I would call that an adjustable, _limited_ slip collar (or "semi slip" I've seen them advertised). Almost all the "adjustable" slip collars I've seen for sale are just slip collars with some sort of adjustable buckle to get the fit right (so there's not inches of slack hanging off the collar when it's on the dog). Not that it really matters, but just to clarify if the OP goes shopping for such a collar.


----------



## Guest (Aug 24, 2008)

The term adjustable would apply to how much of a slip is adjusted. I don't see anything adjusted in the collar you show except the size it is to start with. Your's is a slip collar - not an adjustable slip collar despite anyone who may be marketing it as such. Since the OP asked me the question to begin with I answered it in the terms I was talking about.

I'll admit though I've been training a long time and marketing terms may have changed over the years, however, originally adjustable refered only to how much of the slip was adjusted.


----------



## Skye'sMom (Jul 11, 2004)

I agree with Tom - the first examples shown are the same as a chain choker except they are made from other material. The collars will tighten as much as the handler wants to pull them closed.

The one shown by Tom is limited to the amount it will close. That will keep the collar from pulling over a dog's head. There are many dogs capable of backing out of a flat collar. The martingale or limited slip collars will help prevent that.

The regular martingale and the one shown by Tom are also good as step up collars from the prong (and certainly instead of any choker collar) when training, with the next collar usually being a flat collar.


----------



## Eve-Lynn (Apr 28, 2008)

So will the collars you have shown me be called Martingale collars or slip collars? Thanks for the info. The choke works but it seems harsh to put a chain around his neck but the flat collar doesn't work if he decides to pull. He is 8 months and doesn't pull very often but sometimes does still need a correction. Had seen Martingale collars but weren't sure if those were good for Shepherds or for correction sometimes.


----------



## Guest (Aug 25, 2008)

The collars I showed you and Onyx showed you are adjustable slip collars. They may have added the term "limited slip" for sales purposes depending on who you buy from to distinguish them from what Liesje showed you which is a slip collar. None of these are Martingales. This is a Martingale.

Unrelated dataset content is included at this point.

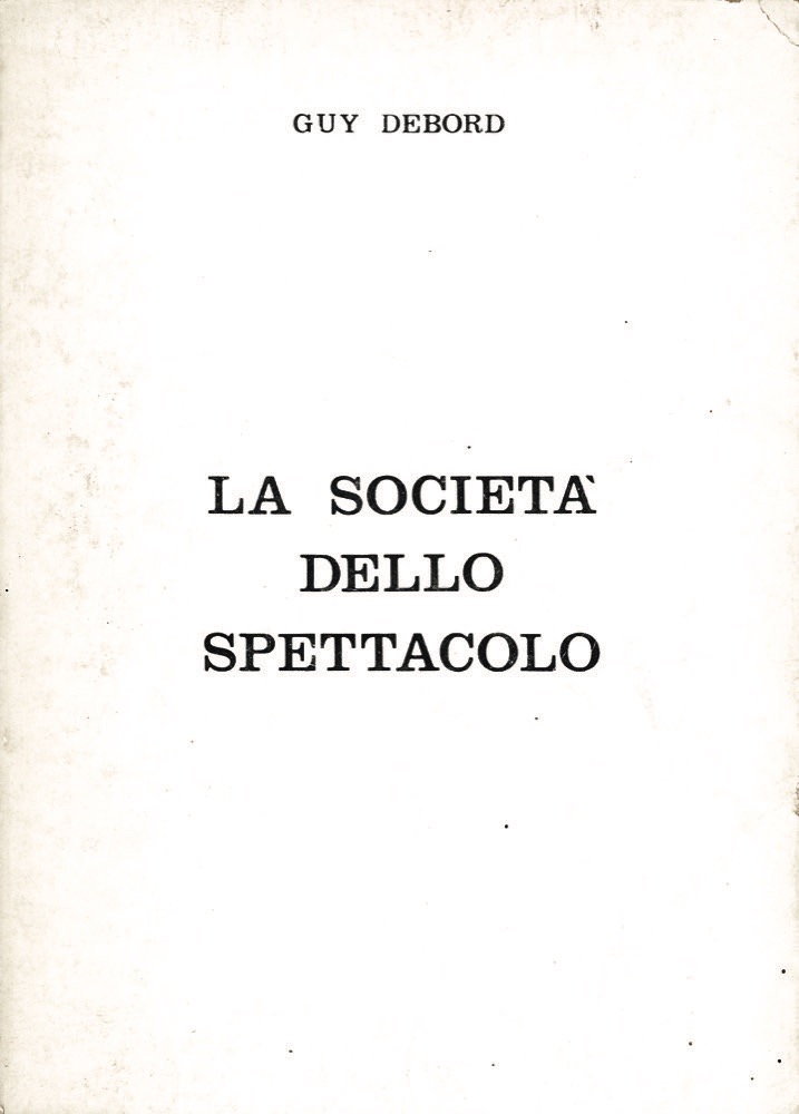 "1. Tutta la vita delle società in cui regnano le moderne condizioni di produzione si presenta come un'immensa accumulazione di spettacoli. Tutto ciò che era direttamente vissuto si è allontanato in una rappresentazione" (pag. 5). "4. Lo spettacolo non è un insieme di immagini, ma un rapporto sociale fra persone, mediato da immagini" (pag. 6).
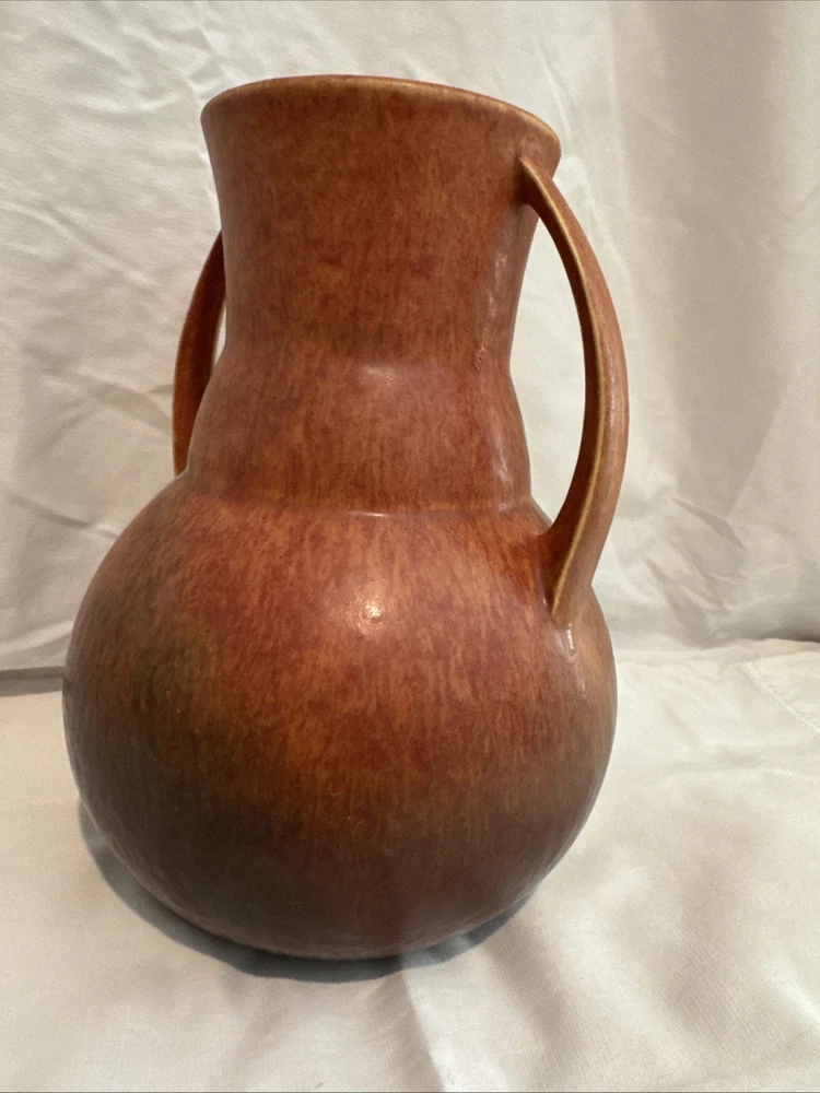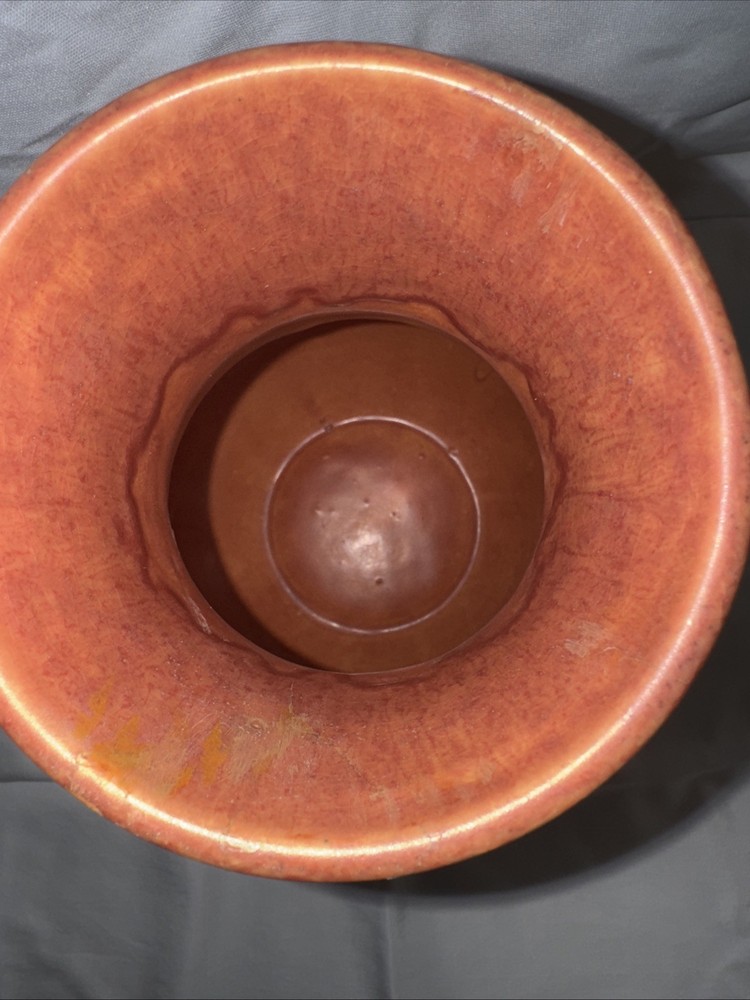 The ROSEVILLE-Windsor #528-9 Molted Rust Fern Vase from 1932 is a rare and beautiful piece of vintage American pottery. This 9" tall vase was produced in the United States using an arts and crafts/mission style design. This color and style are increasingly hard to find. The low luster finish adds to the unique charm of this original Roseville piece, making it a stunning addition to any decorative pottery or glassware collection. Estate fresh, no damage or alterations. This vase embodies the elegant style and craftsmanship of early 20th-century art pottery.

I noticed in looking for a picture for you that many manufacturers are now calling what I showed you first, and always knew as an adjustable slip collar, a Martingale. So prepare to be confused when you look to buy one. This was probably done also for marketing reasons and the simple fact that the two collars work from the same principle.


----------



## Eve-Lynn (Apr 28, 2008)

So GSDad do you think it is better to get the one that is all fabric or fabric and partial chain? It should fit high on his neck correct?


----------



## Guest (Aug 25, 2008)

I prefer the all nylon mesh ones, but it's only personal preference. That and people who know that choke chains are bad often confuse the chain in a true Martingale for being a choke collar and might say something to you. At least so I've heard from those who use them. They work the same way so just easier to rule that confrontation out IMO.

Fairly high on the neck yes when doing actual leash work, but allowed down further when off lead. I like about 4" of play in the slide. Close enough to hold well and long enough to give a real correction.


----------



## Eve-Lynn (Apr 28, 2008)

Thank you so much for your input. Like I said I don't like the idea of using the choke but we do because he still needs corrections but not a prong. Will go to Petsmart and check out the collars. Thanks again, GSDad.


----------



## Guest (Aug 25, 2008)

Glad to help! BTW, it's not a true choke since the slide is limited. When adjusted properly all it is is a brief pinch when pulled for a correction. The pressure is more of a cue to the dog than anything else and should by no means be as harsh as a choke.


----------



## MikeB06 (Mar 12, 2006)

Link's Mom,
So what exactly do you want this new collar to do? Do you want a full time wear collar that can be able to correct if needed or is the just for walking?


----------



## Eve-Lynn (Apr 28, 2008)

It would be a full time collar so that we don't need to wear the choke collar and then the flat collar with tags. It would be for corrections mainly for walking though.


----------



## elfwofle (Dec 22, 2007)

I have a flat collar with tags and a martingale on Gazira at all times (because she has to be put on a runner when the dog door is blocked or else she jumps the fence) and the flat collar does not interfere with the martingale at all. I preffer the one with the chain because the sound it makes when I have to do a correction is simular to the sound a choke chain makes and I use to use a choke chain a while back, so it servers more as an audio que too.


----------



## selzer (May 7, 2005)

Mine are rolled leather/chain martingales that I picked up at a dog show. I like them better than the nylon/chain ones because they are not adjustable. For a puppy though, being adjustable would be a good thing. 

Good luck.


----------